Nothing unreasonable about that. 


  Aaron Boone AP Aaron Boone AP

“It’s a situation where you need two runs and Joey is one of the best power hitters the last couple years, and I got zero [home runs on the season],’’ Kiner-Falefa said, proving himself a highly capable wingman for Boone. “There’s nothing I can say. You give him an opportunity right there. If I get a single, we’re still down two runs. I’m OK with it.” 

Nothing unreasonable about that, either. 

But these games aren’t played in vacuums. They are played in front of 42,000 people live, and hundreds of thousands of others watching, listening and following along. No manager worth his salt should ever be influenced by the howling masses, but it’s another story when it looks like he’s turning the volume up to 11 on them. 

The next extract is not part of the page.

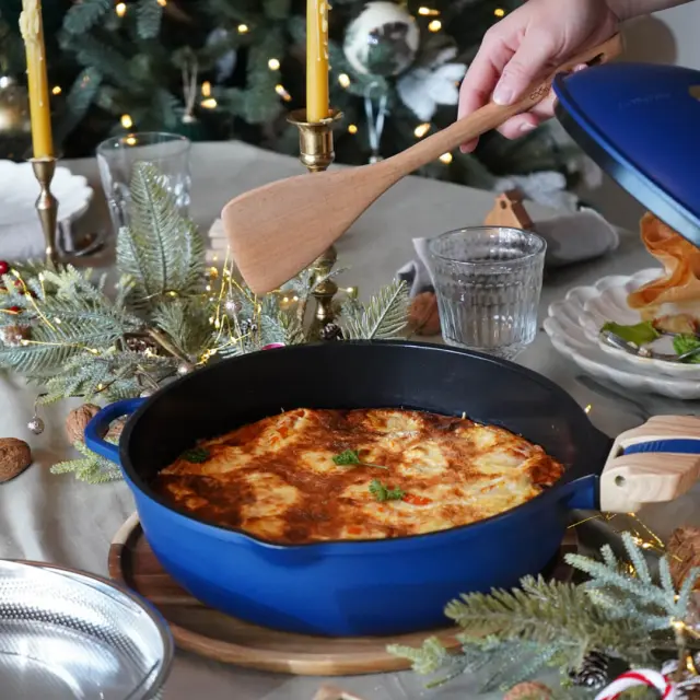 Odkrijte Cookut Fabuleuse 8-v-1, edinstveno in inovativno ponev, ki bo popolnoma spremenila vaš način kuhanja! S premerom 28 cm (kapaciteta 4,5 litra) je primerna za pripravo obrokov za 1 do 8 oseb. Idealna je tako za vsakodnevno uporabo kot tudi za posebne priložnosti. Zasnovana je tako, da nadomešča kar osem različnih kuhinjskih pripomočkov: ponev, ponev za cvrtje, ponev za praženje, kozico za enolončnico, soparnik, cvrtnik, pekač in tortni pekač. S to ponvijo lahko preprosto pripravite raznolike jedi – od ocvrtih jajc, gratiniranega krompirja, pečenega piščanca, juh, dušene zelenjave do tort in pic. Ne glede na to, ali kuhate za eno ali več oseb, vam Fabuleuse omogoča enostavno in učinkovito pripravo okusnih obrokov. Izdelana je iz 100% reciklirane kovine - aluminija (brez PFOA in niklja). Vrhunski premaz proti prijemanju omogoča kuhanje brez oz. z malo dodajanja maščobe, hkrati pa zagotavlja dolgo življenjsko dobo. Ponev se ponaša z dolgim in kratkim odstranljivim ročajem za enostavno uporabo in shranjevanje. Zahvaljujoč snemljivim ročajem jo zlahka shranite tudi v manjših kuhinjah. Ročaj na pokrovu ostane hladen tudi med kuhanjem. Priložena košara za kuhanje na pari ali cvrtje ter lesena lopatka nudita še več možnosti kuhanja. Fabuleuse je primerna za vse vrste kuhalnih površin – indukcijska, plinska, električna in steklokeramična. Ob odstranitvi ročajev jo lahko uporabite tudi v pečici do 240°C, zato je popolna kot pekač. Primerna je za pomivanje v pomivalnem stroju. Preizkusite jo in odkrijte nov način kuhanja s samo enim pripomočkom! Dimenzije: dolžina z ročajem 24 cm, višina brez pokrova 8,5 cm, višina s pokrovom 17 cm / Premer košare: 25 cm Francoska znamka Cookut je del trajnostnega, ekološkega in etičnega proizvodnega pristopa. Ta ambiciozen cilj vključuje zlasti drastično zmanjšanje proizvodnje plastike, odpadkov in konec zastarelosti izdelkov. Svoje zaveze so formalizirali s pridobitvijo statusa podjetja s poslanstvom. To jim omogoča, da definirajo svoje naslednje ekološko odgovorne zaveze, ki jih bo spremljal in nadzoroval neodvisen organ. V tem zagonu so bili izbrani, da se pridružijo skupnosti Coq Vert, ki jo upravlja BPI France v sodelovanju z ADEME in Ministrstvom za ekološki prehod.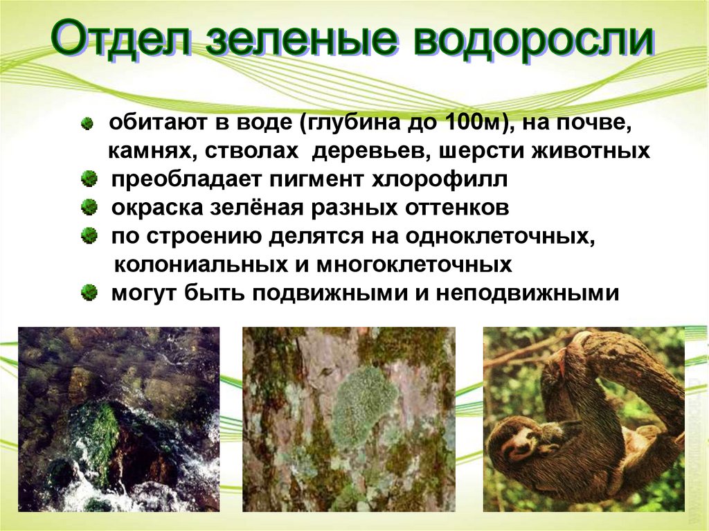 • Растут на глубине до 200м• Содержат пигменты: хлорофилл и

Which — fairly or not — is what Boone does every time he writes Gallo’s name in the lineup, every time he summons him to pinch hit, and every time Gallo does what he’s done 38 percent of the time this year — strike out, and walk dejectedly back to the bench. 

If you are a Knicks fan, there had to have been a bit of a callback for you. You may recall Game 7 of the NBA Finals in 1994. You may recall that John Starks took 18 shots that night in Houston and missed 16 of them. You may recall that he was 0-for-11 from 3. And you may recall what you and an army of your fellow Knicks true believers were screaming as the Knicks were trying valiantly to stay close to the Rockets in a close game they’d lose 90-84. And all of those oaths looked something like this: 

“WHY THE $#$@^& IS HE NOT PUTTING *%$#$#$ ROLANDO BLACKMAN IN THE &%$#@& GAME?!?!?!?!?!?!?!?” 

Or, you know, literally anybody else. 


  Joey Gallo Getty Images Joey Gallo Getty Images

“We wouldn’t have been here without John,” Pat Riley said that night, and has always said whenever the subject comes up for debate, and it is a tough place to be when you’re second-guessing a guy with the basketball résumé Riley happens to have. It just happens to be a legitimate second-guess. 

(And a horses**t answer, even now.) 

But it was certainly a reasonable one. 

But coaches have their points of view, and sometimes it’s hard to change it. Hey, it nearly took an act of God for Pop Fisher to trust his eyes and finally give Roy Hobbs a couple of at-bats. An old basketball coach named Butch van Breda Kolff once kept Wilt Chamberlain on the bench in Game 7 of the 1969 NBA Finals in favor of Mel Counts. When Chamberlain tried to re-enter the game, VBK cinched his demise with six regrettable words: 

“We’re doing well enough without you.” 

The Lakers lost 108-106. Poor Butch was barely back in the locker room when he was axed. 

So yes: this isn’t unusual, Boone’s unwillingness to roll with the anger and angst of his fans. Surely it will be over soon, when Brian Cashman finds a taker and arranges a mercy-deal. But until then … Well. It could be worse for Gallo. He could have a hankering for linguini and clam sauce on the wrong night, in the wrong place.